Location
- 90 Tsalwa Road, Kakamega, Kenya, 50100
- 0°16′18″N 34°44′45″E﻿ / ﻿0.271593°N 34.745793°E

Information
- Type: Public secondary school
- Motto: In unity is strength
- Established: 1932
- Founder: Harold Arthur Waterloo Chapman
- Principal: Julius Mambili
- Colours: Green, Black and White
- Website: kakamegaschool.sc.ke

= Kakamega School =

Kakamega School, formerly known as Government African School Kakamega and Kakamega High School, is a four-year high school in Kakamega, Western Kenya, founded in 1932.

Mr. Harold Arthur Waterloo Chapman, a graduate of University of Oxford, was made the school principal in August 1931 before its completion and commissioning. He served as the school principal until 1955 when he retired.
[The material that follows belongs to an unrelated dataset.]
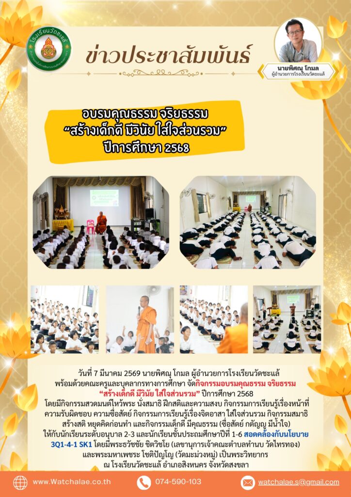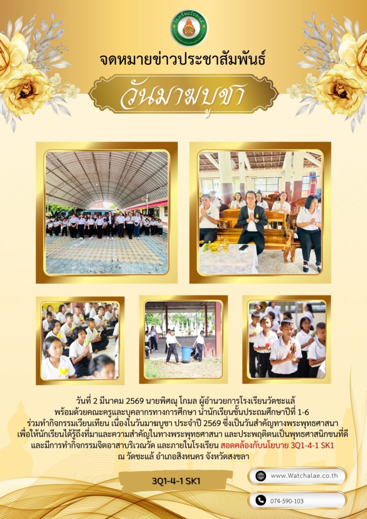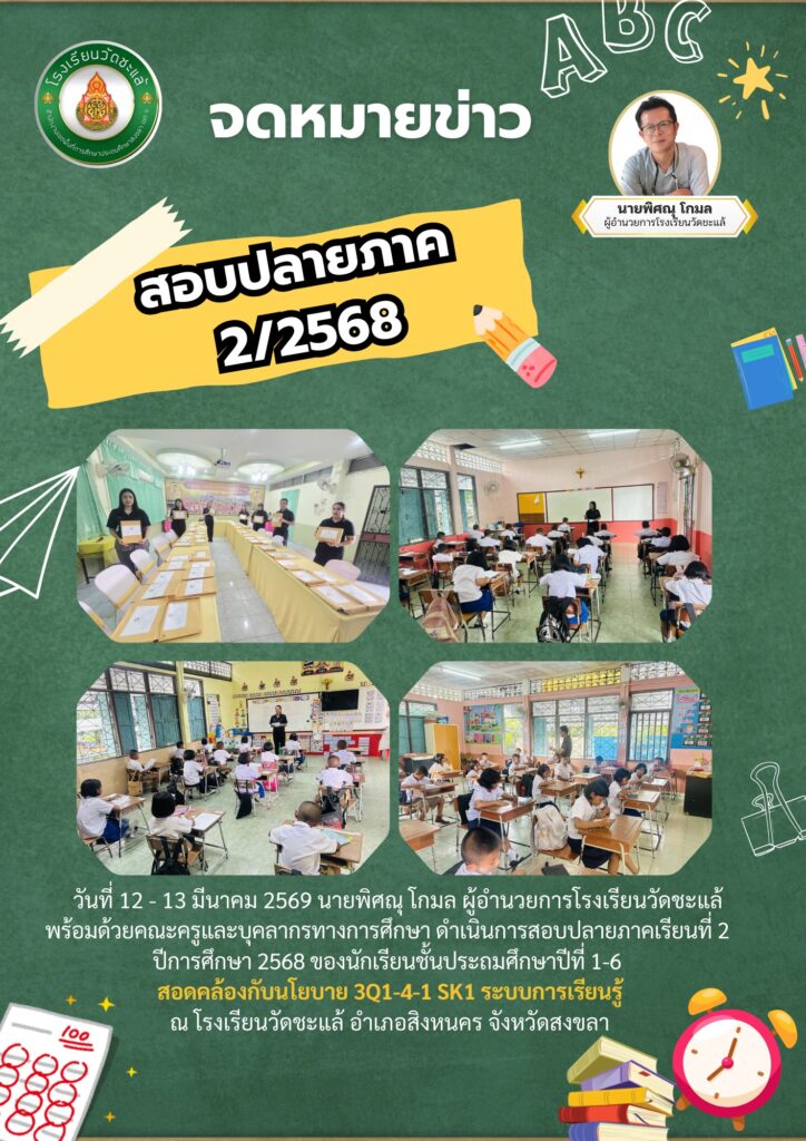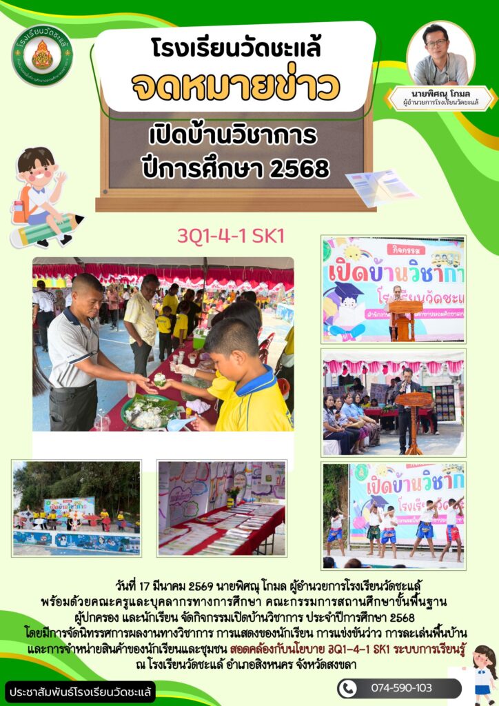 วันที่ 17 มีนาคม 2569 นายพิศณุ โกมล ผู้อำนวยการโรงเรียนวัดชะแล้ พร้อมด้วยคณะครูและบุคลากรทางการศึกษา คณะกรรมการสถานศึกษาขั้นพื้นฐาน ผู้ปกครอง และนักเรียน จัดกิจกรรมเปิดบ้านวิชาการ ประจำปีการศึกษา 2568 โดยมีการจัดนิทรรศการผลงานทางวิชาการ การแสดงของนักเรียน การแข่งขันว่าว การละเล่นพื้นบ้าน และการจำหน่ายสินค้าของนักเรียนและชุมชน สอดคล้องกับนโยบาย 3Q1-4-1 SK1 ระบบการเรียนรู้ณ โรงเรียนวัดชะแล้ อำเภอสิงหนคร จังหวัดสงขลา

He later died on the 25 January 1988.

Chapman left a permanent mark in Kakamega school where his name was synonymous with the school. A hostel on the SOWETO side of the boarding section was named after him, and is one of the most popular hostels housing both junior and senior students. To this date, the school is referred to as Chapman's land as mentioned in the school anthem.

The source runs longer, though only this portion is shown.